As I previously stated in my review for Ichi the Killer, the film I, Tonya (directed by Craig Gillespie and written by Steven Rogers) is not for the faint-hearted, either. This film contains perhaps the most mother-on-child and spouse-on-spouse violence I have ever seen in a film. Contradictory to that exact statement, though, I, Tonya is also one of the funniest films I have seen this year. Surprising? Just wait, because the fact that these two things work, nevertheless coexist within the narrative of this deeply black comedy is nothing short of impressive, and the best work of almost everybody involved in this production.

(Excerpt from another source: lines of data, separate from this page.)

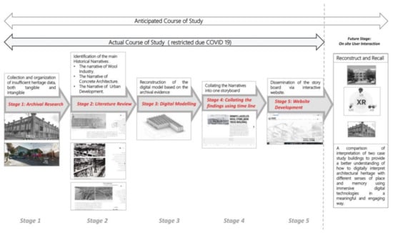 Considering the significant changes of the situation—limitation of budget and limitation of time—the research team decided that, instead of providing an onsite VR/AR experience for public interaction, the amended proposal would aim towards developing a bottom up user based framework for capturing the narrative of the building. Aligned with the changed research focus due to existing limitations of physical movements in public space, the study explored in-depth variations of cross-media storytelling in relation to digital (online) placemaking, in order to understand how different digital/virtual platforms can diversify and expand heritage experience. For this purpose, the project was designed/redesigned/undertaken in the following way with five specific stages illustrated in a flow diagram (Figure 10).
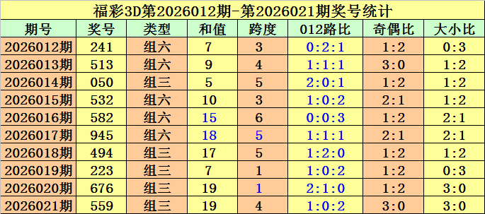 开奖回顾:第2026021期福彩3D奖号为559。
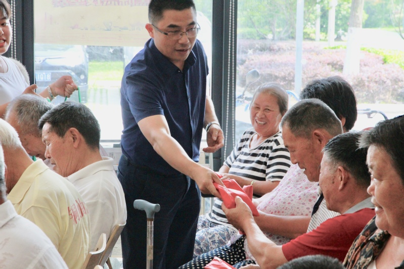 高新区(虎丘区)红十字会会长许雪明给老人分发防暑防暑降温包
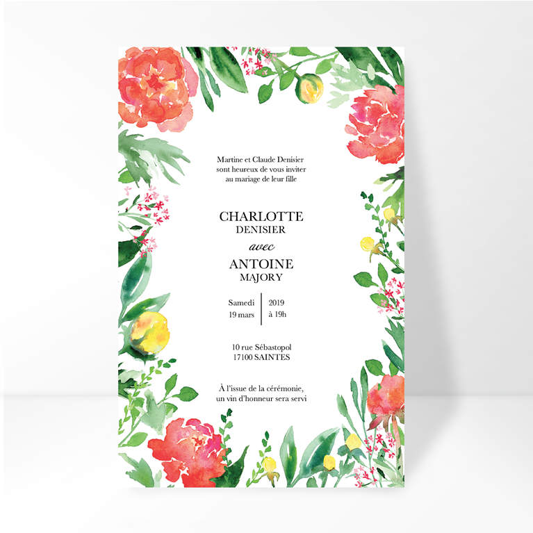 Juste après la ligne d’invitation viennent en général les noms et prénoms du couple dont la police, la couleur ou la taille sont différentes, de façon à les faire ressortir sur le faire-part. Indiquez ensuite le jour de la semaine, la date, l’heure de la cérémonie et le lieu.
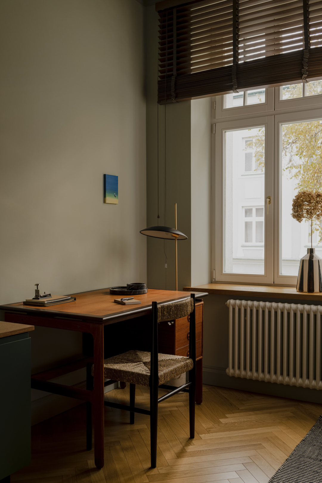 厨房小而整洁,更像是一个家具,而不是独立的厨房空间。与其设计一个吸引房间注意力的厨房,不如这样一个合适的小厨房,可以保持空间的平衡。
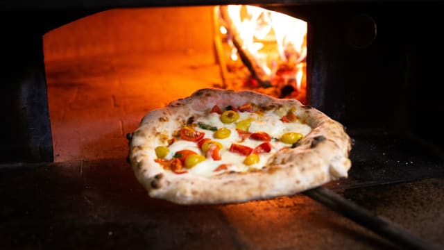 Crema peperoni, fior di latte di ferrandina, basilico fresco, melanzane alla griglia, champignon, zucchine, patate profumate al rosmarino e olio EVO
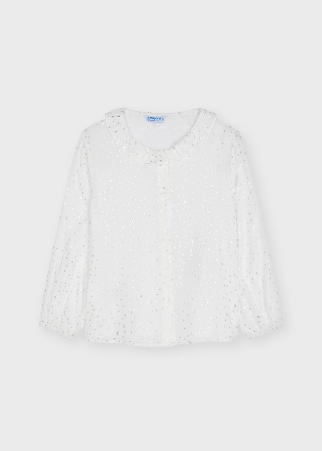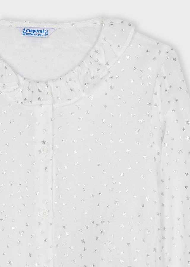 Long sleeved Blouse with elasticated cuffs for Girl 4 to 9 years. Round neckline with ruffles. Straight cut. Button fastenings down the front. Elastic, flowing fabric for maximum comfort on a day to day basis. Patterned design.
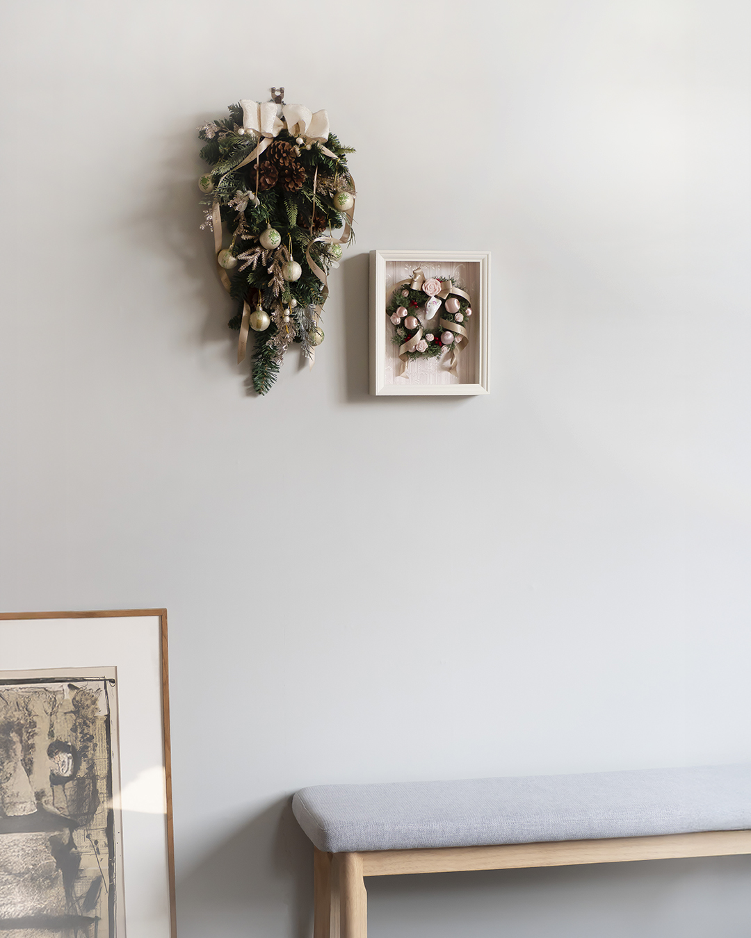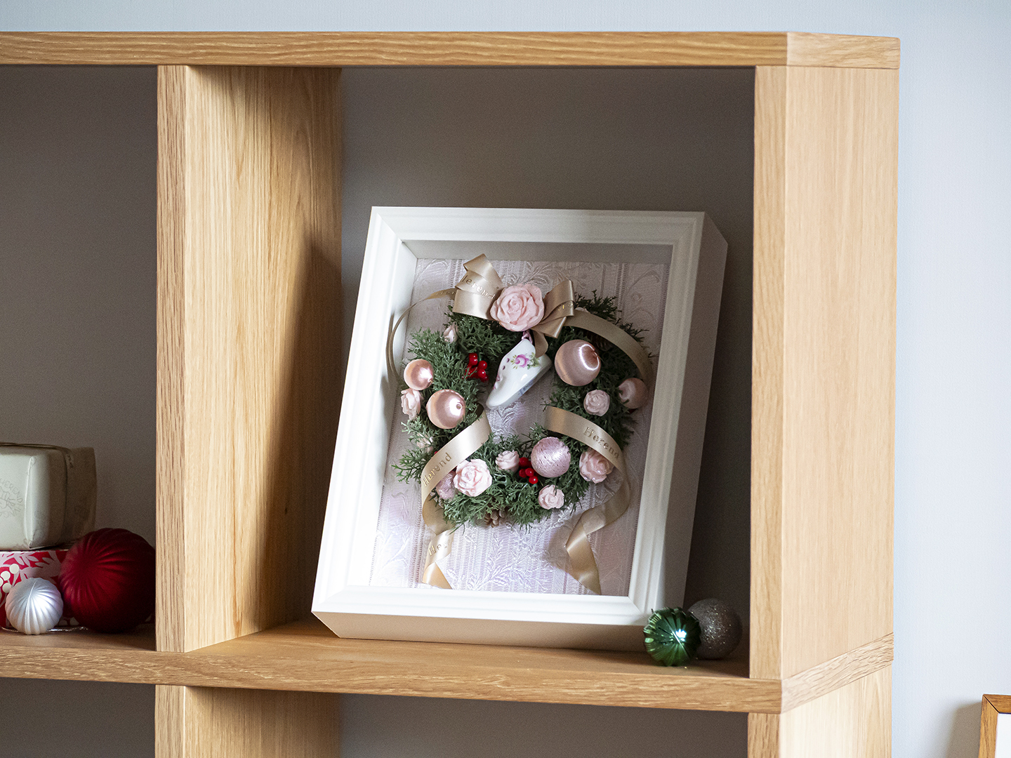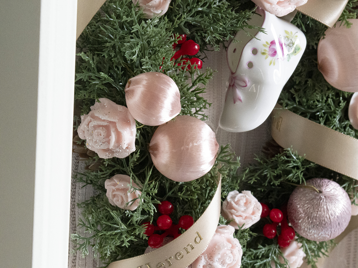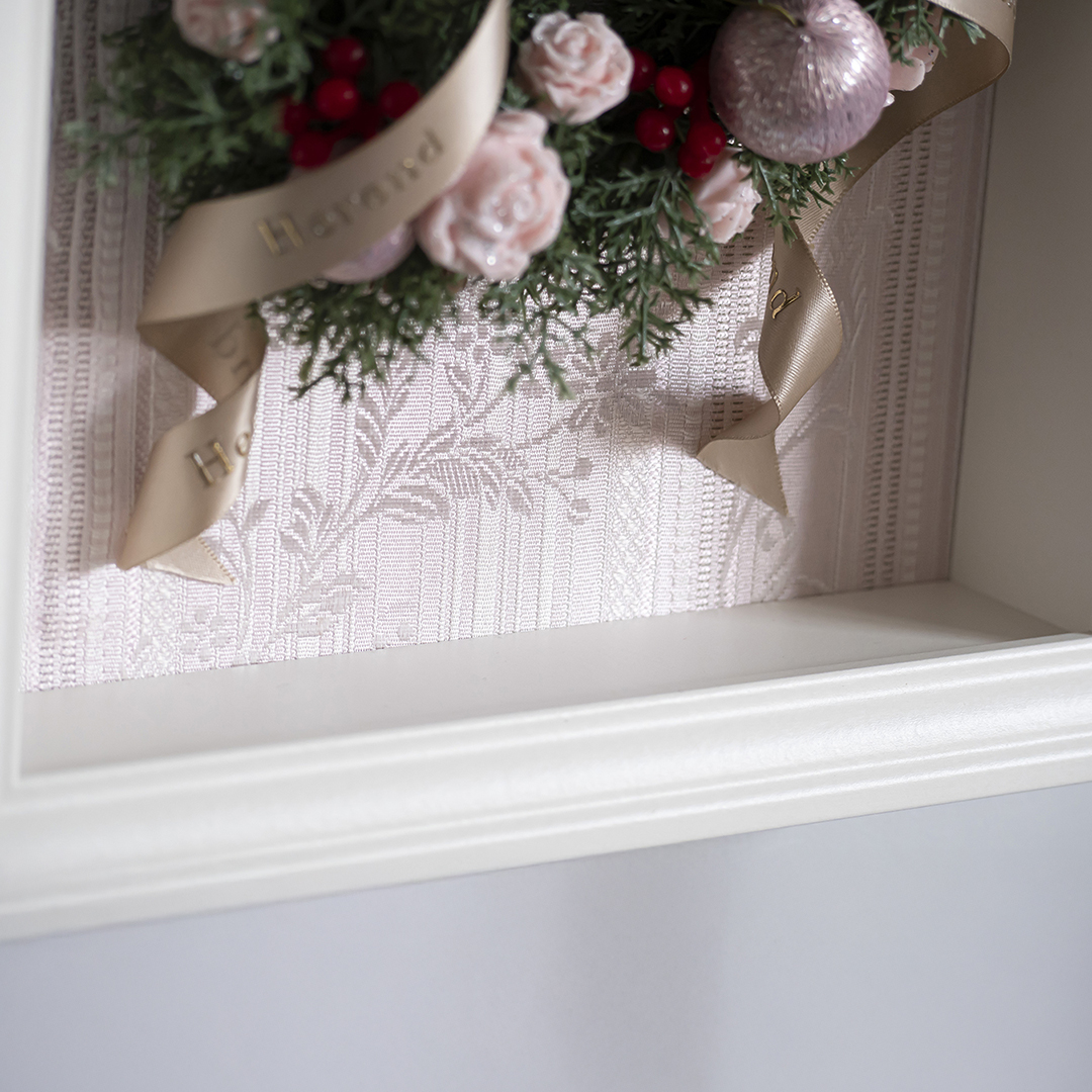 上品な淡いピンクのカラーでまとめられたリースは、クリスマスはもちろん、季節を問わずお部屋のインテリアとして飾っていただけます。
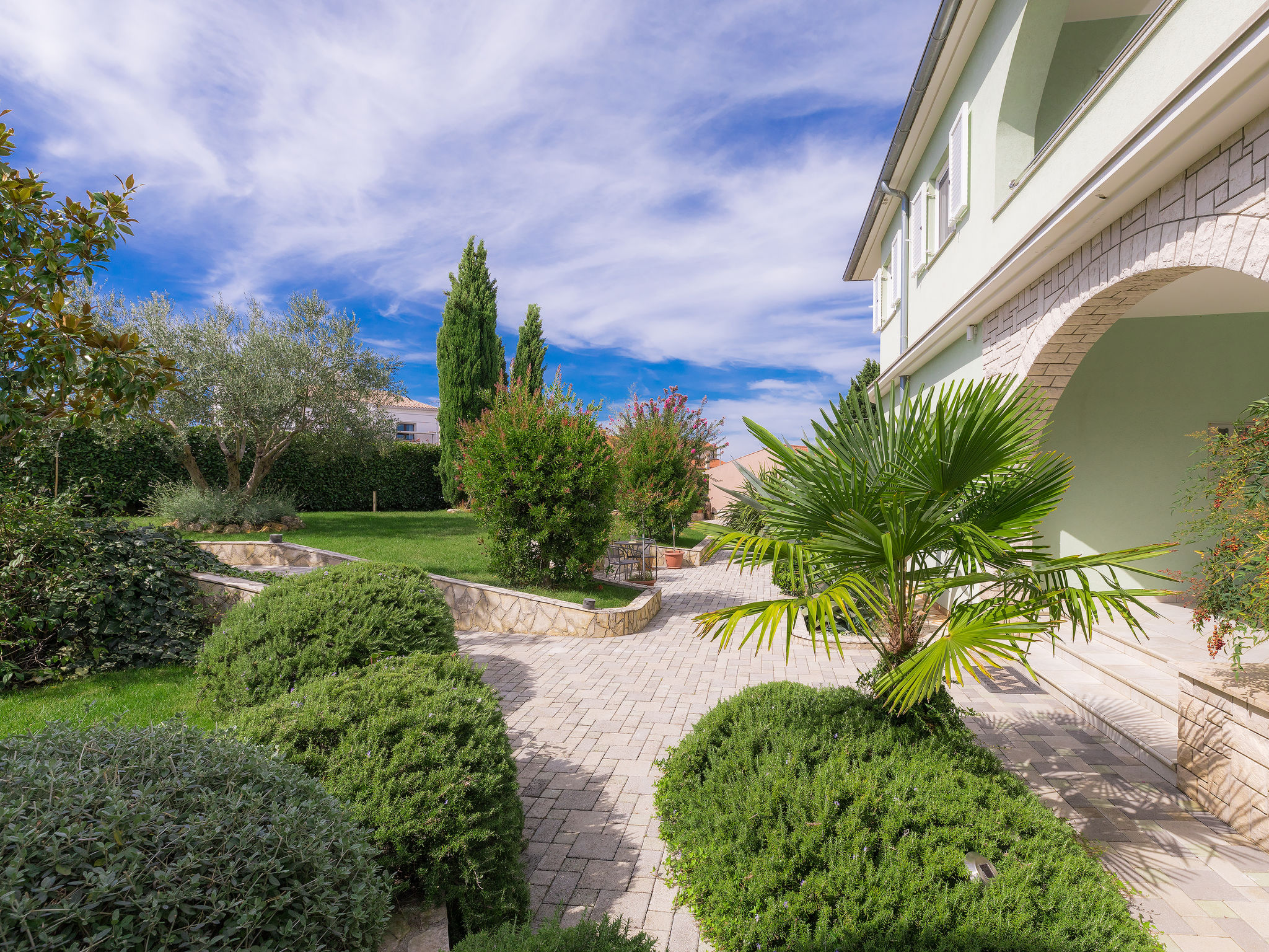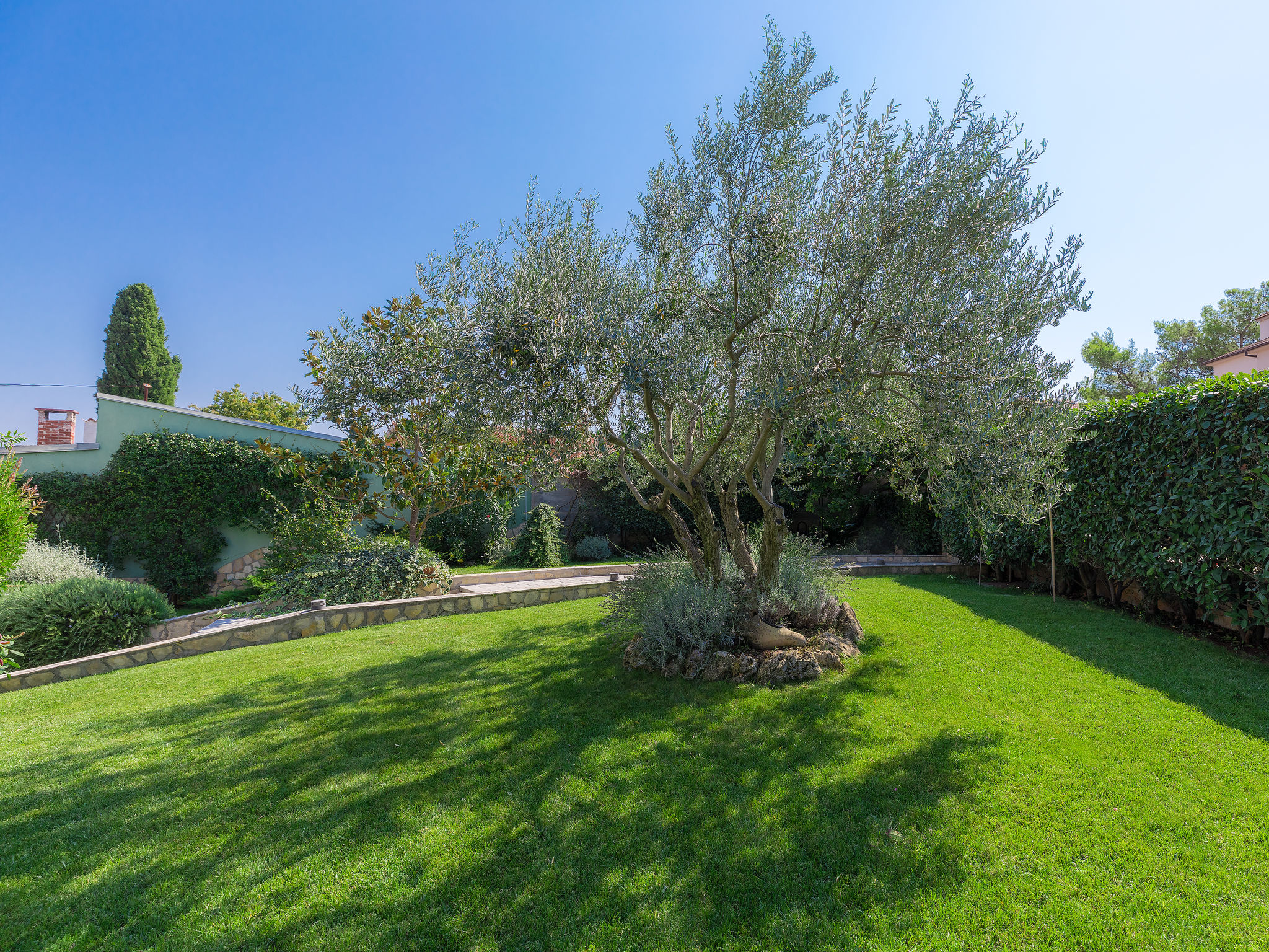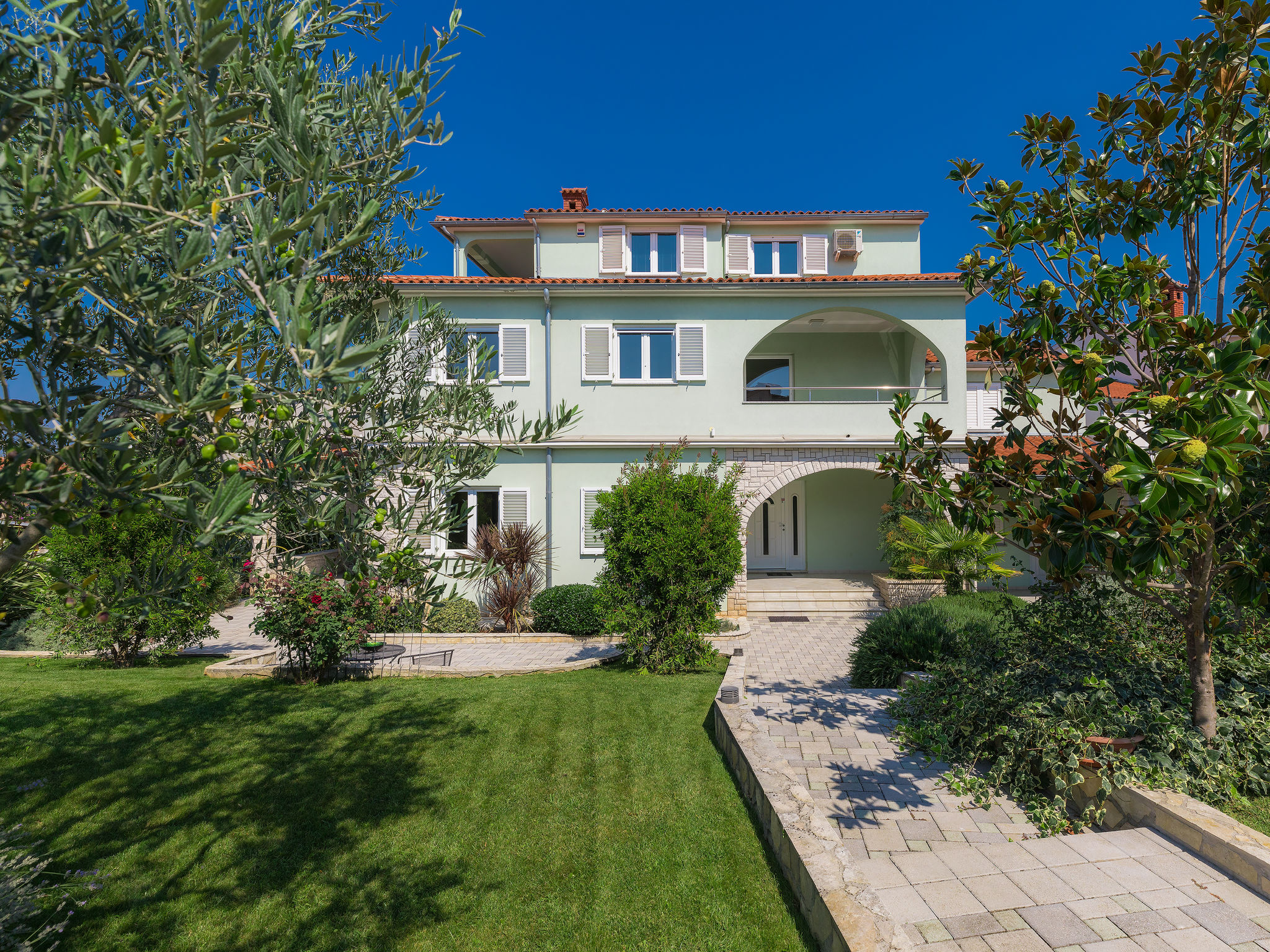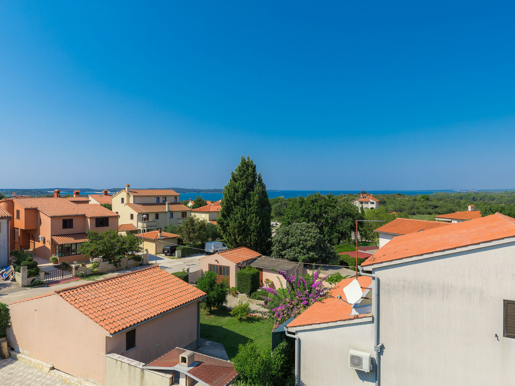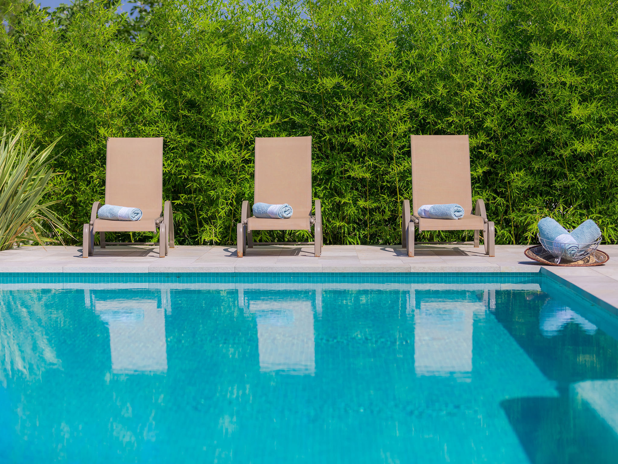 6-Zimmer-Villa 315 m2 auf 3 Stockwerken. Wohn-/Esszimmer mit Sat-TV (Flachbildschirm), Klimaanlage. Ausgang zur Terrasse. Küche (Backofen, Geschirrspüler, 4 Glaskeramikherd Platten, Mikrowelle, Tiefkühler, elektrische Kaffeemaschine) mit Klimaanlage. Dusche/Bidet/WC. Obergeschoss: 1 Zimmer mit 1 franz. Bett (180 cm, Länge 200 cm), Klimaanlage. Ausgang zur Terrasse. 1 Zimmer mit 2 Betten (90 cm, Länge 200 cm), Sat-TV (Flachbildschirm), Klimaanlage. Ausgang zur Terrasse. 1 Zimmer mit 1 franz. Bett (180 cm, Länge 200 cm), Bad/Bidet/WC, Doppelwaschbecken, Sprudelbad und Klimaanlage. Dusche/Bidet/WC. 3. Obergeschoss: 1 Zimmer mit 2 Betten (90 cm, Länge 200 cm), 2 Diwanbetten (90 cm, Länge 200 cm), Sat-TV (Flachbildschirm), Klimaanlage. Ausgang zur Terrasse. 1 Zimmer mit 2 Betten (90 cm, Länge 200 cm), Klimaanlage. Dusche/Bidet/WC. Heizung (extra). Terrasse 20 m2, überdacht, 3 Terrassen 10 m2. Terrassenmöbel, Gartengrill (mobil), Liegestühle. Sicht auf das Meer und das Schwimmbad. Zur Verfügung: Safe, Babybett, Haartrockner. Internet (Wireless LAN, gratis). Parkplatz (überdacht, 1 Auto). Bei Belegung mit weniger Personen als der maximalen Personenzahl steht eine Etage nicht zur Verfügung.
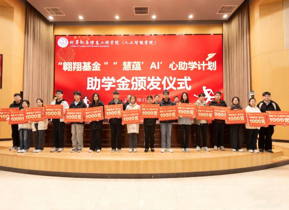 11月20日,河南师范大学计算机与信息工程学院(人工智能学院)首届“翱翔基金”与“慧蕴‘AI’心助学计划”助学金颁发仪式举行。学校校友与基金工作办公室、学院相关负责人、助学项目捐赠人、全体专兼职辅导员、受资助学生以及2025级学生代表300余人参加,仪式由学院党委副书记陈清利主持。

The most impressive of these multiple career peaks come entirely from the actors. More specifically, Margot Robbie (who stars as figure skating phenom Tonya Harding), Allison Janney (who plays Harding’s mother), and Sebastian Stan (who plays her first husband Jeff Gillooly), who all give performances worthy of nominations in the awards season this film is diving into. The Best Actress and Best Supporting Actress races for the 90th Academy Awards just got a lot more interesting, as I previously stated that Laurie Metcalf was a shoe-in for her work (also, coincidentally, as a mother) in Lady Bird, but for me, it is now a toss-up between her and Janney, who plays perhaps the worst parent in film history. She also gets a majority of the best jokes in the film, and she delivers those lines with such disdain and arrogance that it is truly commendable.
On the contrary, I believe Margot Robbie will almost certainly win the statue for Best Actress. Her performance runs the gamut of Oscar-winning performances. Incredible physicality, emotional depth, comedic timing, great stunt-work, and even a bit of breaking the fourth wall. Robbie’s performance as the tragic “punchline” (as Hardy puts it in the film) is nothing short of what will most certainly be Robbie’s best work for many years to come, if she ever surpasses the performance she brought to life here.
I do have a couple problems with the film, though, and they include the acting and directing. At the very beginning of the film (the first half hour, probably), both Robbie and Stan play high schoolers, and it is not believable for a second. The two simply look too old, and no amount of make-up will change that. This does not last long at all, though, as the film quickly moves on from these scenes to get to the more interesting aspects of Hardy’s career.
To address my problem with the directing, we move to the end of the film. I felt that, at one point, the film had a natural ending point, where one would usually cut to a “where are they now? segment. But, after this point, the film continues for at least another twenty-five minutes. The film does earn this screentime eventually, but until that point, I was somewhat disappointed that the film was too long. The truth is, though, that the film does not know what it wants its climax to be, and instead opts for two climaxes in the narrative, and one definitely takes the wind out of the sail from the other. I will let you decide which one is the stronger of the two when you see I, Tonya, which will most certainly be talked about as the awards season becomes more crowded. If all goes the way I think it will, though, this film will most definitely be one of the film’s most awarded come early next year. In short, do not miss I, Tonya, especially if you enjoy the fleeting genre of the black comedy, of which this is perhaps the best example in years.